FMplex: New System for Efficiently Serving Multiple Foundation Models Through Shared Backbones
Researchers have developed FMplex, a serving system that allows multiple customized tasks to share the same foundation model backbone while maintaining task-specific extensions and isolation. The system uses virtual foundation models (vFMs) backed by shared physical models, combined with a fair-queueing scheduler for efficient batching. In testing across 92 downstream tasks and 7 foundation models, FMplex reduced latency by up to 80% compared to spatial partitioning and enabled hosting 6x more tasks at cluster scale.

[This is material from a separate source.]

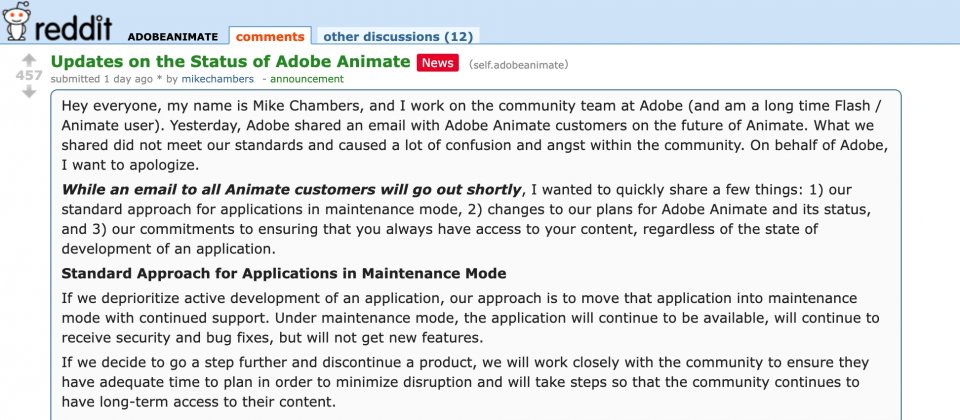 而該事件之所以引發高度關注,也與Adobe對外溝通不一致有關。Adobe社群團隊成員Mike Chambers在Reddit發文說明,先前寄給Animate用戶的通知未能符合Adobe內部的溝通準則,造成社群混亂與焦慮,他代表Adobe致歉。同時也補充,將向所有Animate用戶寄出更新後的電子郵件,並同步說明Adobe對處於維護模式產品的一般作法,也就是持續提供支援、錯誤修正,但不再投入開發新功能。

FMplex addresses a key inefficiency in current foundation model deployment: each customized task typically runs as an independent model instance, duplicating expensive backbone models and wasting accelerator memory. The system introduces a virtualization layer where multiple tasks share a single physical foundation model while each receives a logically private virtual foundation model (vFM), preserving task-specific customizations, independent lifecycles, and isolation guarantees. The approach includes a batch-aware fair-queueing scheduler that optimizes both inter-task and intra-task batching to maximize resource utilization. Evaluation across 7 foundation model backbones (16 variants) and 92 downstream tasks demonstrates significant improvements: latency reductions of up to 80% over spatial partitioning approaches and 33.3% over best-effort co-location, while supporting up to 6x more concurrent tasks at cluster scale.
What's missing
The paper does not discuss potential limitations such as memory overhead of the virtualization layer, performance variability under extreme load imbalance, or applicability to models with dynamic architectures. The evaluation scope and specific foundation models tested are not detailed in the abstract.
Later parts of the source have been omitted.